Wednesday, July 4, 2012

Knife & Fork


According to the knife & fork website it “is a restaurant that minimizes its impact on the environment and maximizes its impact on local economy by sourcing nearly all ingredients and materials from extremely local growers and suppliers.

The menu offers only seasonal and sustainable dishes that reflect the traditions and culture of the mountains or North Carolina.”

The restaurant is run by a husband and wife team, Chef Nathan Allen and his spouse Wendy. They opened knife & fork restaurant in July of 2009 after both leaving careers in Los Angles. Chef Nate studied at Johnson & Wales University in Rhode Island. He was on the opening culinary team of the James Beard Award winning Chef, Suzanne Goin, in her restaurant AOC (achieving “Most Popular Restaurant” – Los Angles/Zagat 2005-2006). He followed that up by working as a chef to many elite patrons for about five years. Wendy worked as a restaurant manager at high profile restaurants learning the ins and outs of the administrative side of managing a dining room.

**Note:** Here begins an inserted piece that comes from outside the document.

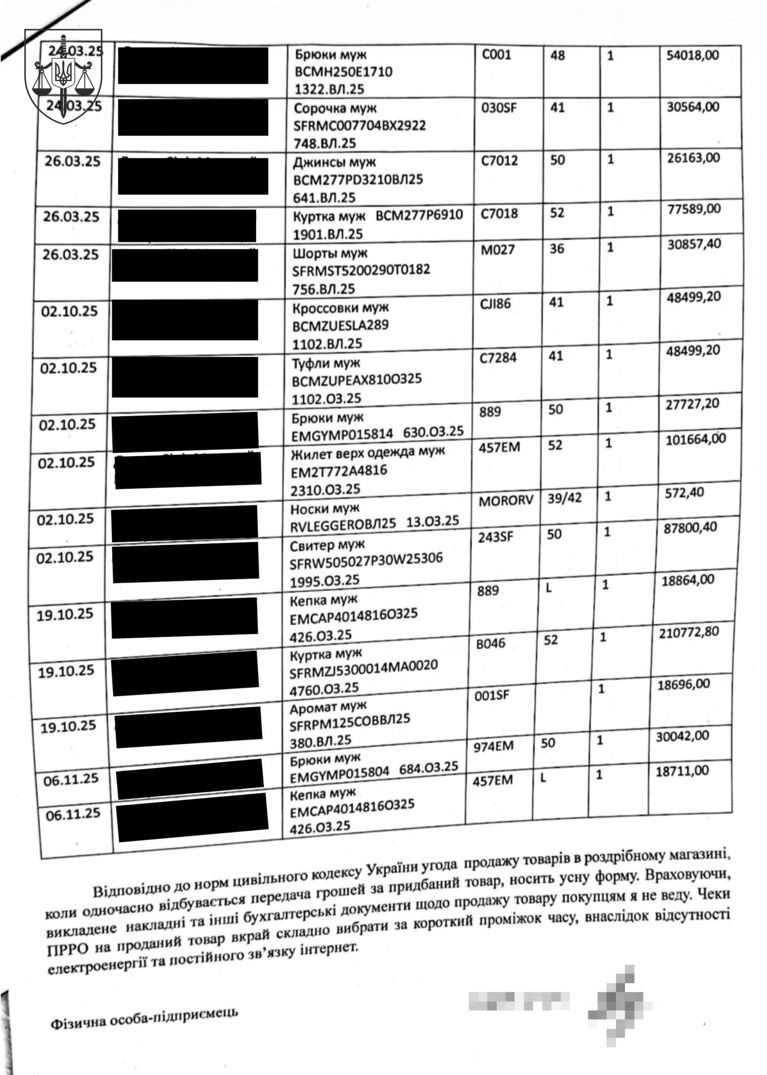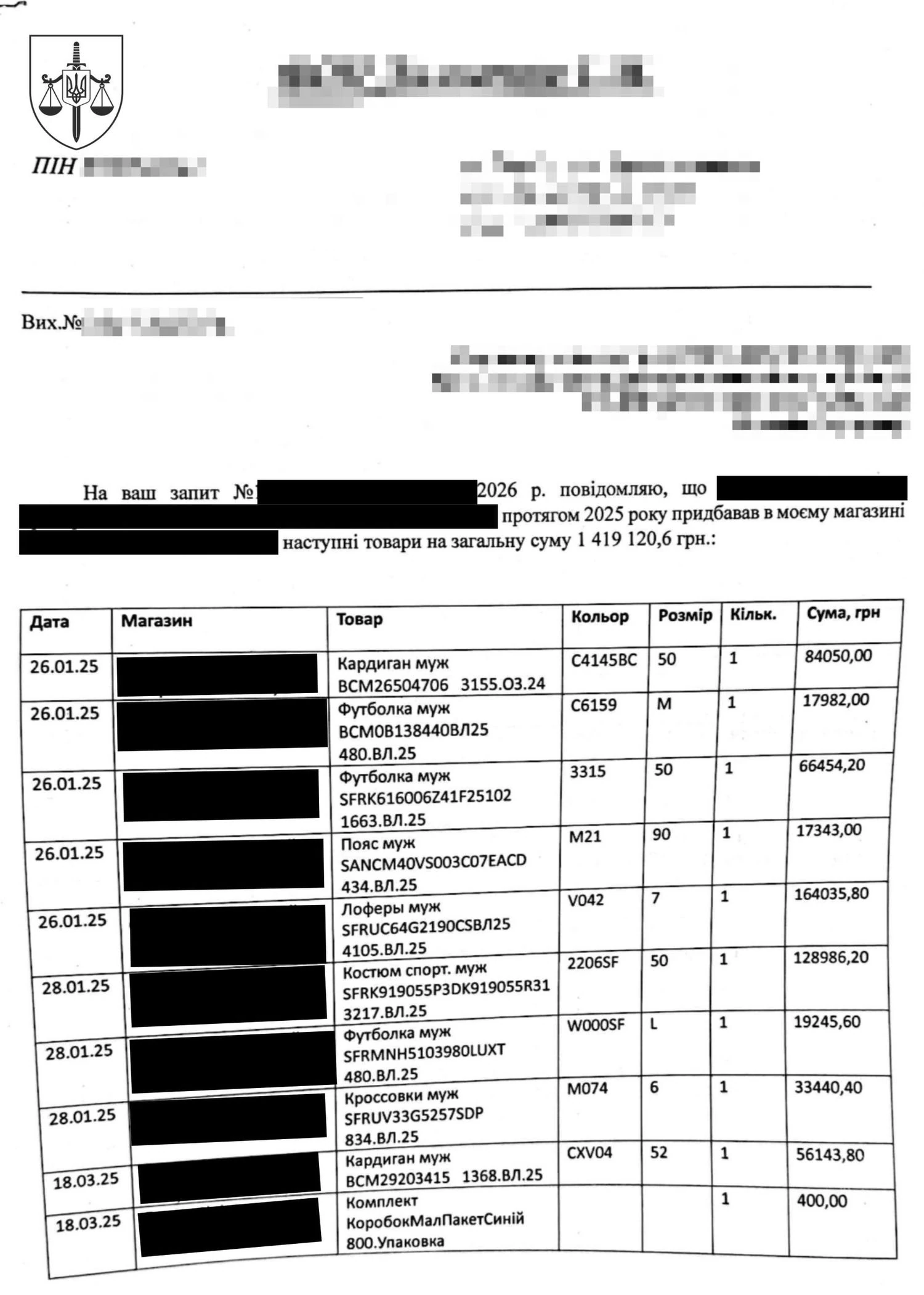 Общая сумма люксовых покупок составляет 2,5 млн гривен.

Half of the dining room in knife & fork
Together they make an incredible team that covers all the bases. Both consistently refer to what they think the guest is looking for when they come to the restaurant. The guests don’t even have to come in the door to get a sense of a different style of restaurant. Wendy leaves several tables set without table cloth for those customers that feel more comfortable going without. Anticipating the guests’ needs and how they will dine doesn’t just happen. It comes with experience, knowledge, forethought and the willingness to work hard to make it happen for the guest. This team does it.

The two dishes I tried were fascinating studies in the use of local ingredients with a very few exceptions. Starting with a prosciutto wrapped rabbit livers skewered atop chili popcorn and pralines drizzled with reduced balsamic. The farmer who provides the rabbit provides all that he raises for knife & fork. I’m not the fondest of liver to begin with but the ingredients melded together to raise the bar for me. I could still taste the rich earthiness of the rabbit liver but it was rounded out by the prosciutto and balsamic. The pralines and chili popcorn added a sweet and spicy element to the dish to make it even more fascinating. When Chef was asked why he added a drizzle of olive oil to the plate. He said that he anticipated the diner to get just a little of the olive oil on each bite as we negotiate the bite and ingredients on the fork adding another hint of flavor.

The second dish was the crispy pulled pork with corn shoots and sautéed mustard greens and red Russian kale. This appeared more like a salad when it arrived with the pulled pork under the greens. The first item I tried was a corn shoot and it offered that sweet light corn profile that is so refreshing. The pork was prepared so that it was all crispy adding a nice texture to each bite. The greens added a bit of spice and the corn shoots gave their touch of sweetness giving the dish a more complete appeal for the senses.

In the two dishes the following ingredients were not from around these parts: olive oil, balsamic vinegar, chili spice and prosciutto. Chef Nate almost seemed apologetic that he acquired the pork from about an hour away and the popcorn from South Carolina. There is a true farm to table mentality at knife & fork that is hard to come by even in this local food haven of Western North Carolina. Nate and Wendy take their business serious and their passion is obvious.

I highly recommend taking the time to visit knife & fork. There are just over 40 seats, they do take reservations and walk-ins and they are closed on Mondays. I understand the Sunday Brunch is wonderful but also very busy. It is much easier to get in during the week.